In comparision, with other image content and presumably the same setting, in tpx_001_000002.dng (@PM490) we see no noise at all:

Nor any other issues. Still, since the dynamic range is not optimal, the grading of this image might show banding effects if extreme measures would need to be taken.

In closing, here are some testimages analyzed the same way as all examples above. First, tpx_L0800_church.dng (@PM490):

This image was severely underexposed on purpose. Noisy stripes are visible in all channels. Somewhat interesting, the red channel seems to be a sort of negative of the blue channel.

The same effect can be noticed with tpx_L0800_image.dng (@PM490):

But note also that the characteristics of the noisy stripes have changed in comparision with the previous image. I have no idea what might have caused this.

Ok, that’s it for now. Hope you found this little journey somewhat interesting.

Would I be being difficult if I said I did?

Mostly I noticed the blue cast on everything. I don’t have the original 16-bit image, but having a color checker right in the frame is enough. If you use Resolve’s “Color Match” feature to get the real colors back out, it looks much nicer.

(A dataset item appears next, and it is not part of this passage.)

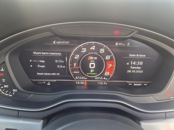 19in Alloy Wheels - 5-Arm Turbine Design - Magnesium Look - Gloss Turned Finish,Privacy Glass,Audi Virtual Cockpit,Fine Nappa Leather - S Super Sport Seats - S Embossed - Black,Flat-Bottomed 3-Spoke Leather Trimmed High Multi-function Steering Wheel,Electrically Adjustable Front Seats with Memory Function for Drivers Side,Brake Calipers - Red,Extended LED Interior Lighting Package - Multi-Coloured,Hill Hold Assist,Heated Front and Outer Rear Seats, 2 x USB Charging Ports and 1 x AUX-IN, Audi Connect Infotainment Services - 3 Month Trial, Audi Connect Safety and Service, Audi Smartphone Interface, Audi Sound System, Bluetooth Interface, DAB Digital Radio Reception, MMI Navigation Plus, Tow Bar Preparation, Audi Drive Select, Cruise Control with Speed Limiter, Tyre Pressure Warning Light, 19in Alloy Wheels - 5-Spoke Cavo Design - Contrasting Grey - Partly Polished, Aluminium-Effect Door Mirror Housings, Anti Theft Locking Wheel Bolts, Brake Calipers Painted in Black with S5 Logo at the Front, Door Mirrors - Electrically Adjustable and Heated with Built-in LED Indicators, Electric Windows - Front, High Gloss Package, Rear Grille - Black Grained, Rear Spoiler, S Radiator Grille in Twilight Grey - Matt with Twin Inlays in Matt Aluminium, S Rear Diffuser in Twilight Grey - Matt with Diffuser Trim in Matt Aluminium and Honeycomb Grill in Black, S Specific Air Inlet Horizontal Inlay in Matt Aluminium, S Specific Air Inlets in Titan Black - Matt, S Specific Dual-Branch Chrome Tailpipes with Twin Oval Pipes Each on Left and Right, S Specific Front and Rear Bumpers, S5 Badges on Grille - Front Wing Panels and Rear, Space Saver Spare Wheel, Windscreen with Acoustic Glazing, Audi Beam, High-Beam Assist, LED Headlights with LED Rear Lights and Dynamic Rear Indicators, Light and Rain Sensor, 4-Way Electric Lumbar Support, Auto-Dimming Rear-View Mirror, Cloth Headlining in Black, Contrast Stitching on Seats - Steering Wheel and Gear Lever Gaiter, Deluxe 3-Zone Electronic Climate Control, Electric Boot Lid Release, Electrically Adjustable Front Seats, Email - Calendar and Text Messages can be Displayed on your Vehicles MMI, Fixed Rear Seat Bench with Storage Tray in Seat, Front and Rear Floor Mats, Front Centre Armrest, Gear-lever Knob in Black Leather, Gear-lever with Diamond S Badge, Heated Front Seats, High Multi-function 3-Spoke Leather Steering Wheel with S Badging and Gear-Shift Paddles, Illuminated Door Sill Trims with S Logo, Inlays - Matt Brushed Aluminium, Keyless Go, Leather Door Armrests and Knee Pad, LED Interior Light Package, Lumbar Support - Pneumatically Adjustable with Massage Function, Non-Smoking Package, Pedals and Footrest - Stainless Steel, S Instrument Dials, Split-Folding 2-Seater Rear Seat Bench in 3 Parts - 40-20-40 with Rear Centre Armrest, Tool Kit and Car Jack, Electromechanical Power Steering, S Model Enhanced Braking System, S Sport Suspension, 6-Airbag System, ABS - Anti-Lock Braking System, Anti-Theft Alarm, Electromechanical Parking Brake, ESC - Electronic Stabilisation Control inc ABS - ASR and EDL, First Aid Kit and Warning Triangle, ISOFIX Child Seat Mounting and Top Tether, Key with S5 Logo, Multi Collision Brake Assist, Parking System Plus, Pop-Up Bonnet for Pedestrian Protection, Pre-Sense City, Seat Belt Monitoring, Variable Restraint System.With a full service history and the last service completed in October 2025 at 87,230 miles, this 2017 Audi S5 TFSI V6 presents a well maintained example. This four wheel drive model is powered by a 3.0 litre petrol engine and meets Euro 6 emissions standards. It comes with a 6 month warranty and its MOT is valid until November 2026. Inside, you will find electrically adjustable front seats with a memory function for the driver, along with heated front and outer rear seats for added comfort. The flat-bottomed, leather trimmed steering wheel adds a sporty feel, complemented by an extended LED interior lighting package offering multi coloured options. For convenience, Hill Hold Assist is also included.This Audi S5 stands out with its impressive performance, achieving 0-60mph in just 4.5 seconds, demonstrating its dynamic capabilities. It also offers excellent fuel economy, returning up to 37 mpg, and boasts low CO2 emissions, making it a more environmentally conscious choice. The vehicle benefits from a low insurance group, which can help reduce running costs. Furthermore, it provides generous boot space, making it practical for everyday use and longer journeys. These highlights collectively indicate that this Audi S5 offers a superior driving experience and ownership proposition compared to similar vehicles.

That little color chart icon at the far upper-right of that screenshot in the viewer area is the important part. Switching the qualifier to “Color Chart” lets you move each corner to match the chart in the frame. Then, choose the right chart from the drop-down–in this case X-Rite ColorChecker Classic–and finally the “Match” button.

That gives automatic, beautiful colors. No more blue cast. (And the bird’s beak and red lanyard strap look super cool on a wide gamut monitor… but that’s beside the point.)

fair enough, if you insist. The image was taken and developed with the auto-whitebalance gains of libcamera/picamera2. That’s indeed a little blueish. If I would have developed it with using the whitebalance from one of the gray patches in the image, the colors would have ended up like your colors. However, I developed each of the images above on purpose with the whitebalance used during the capture.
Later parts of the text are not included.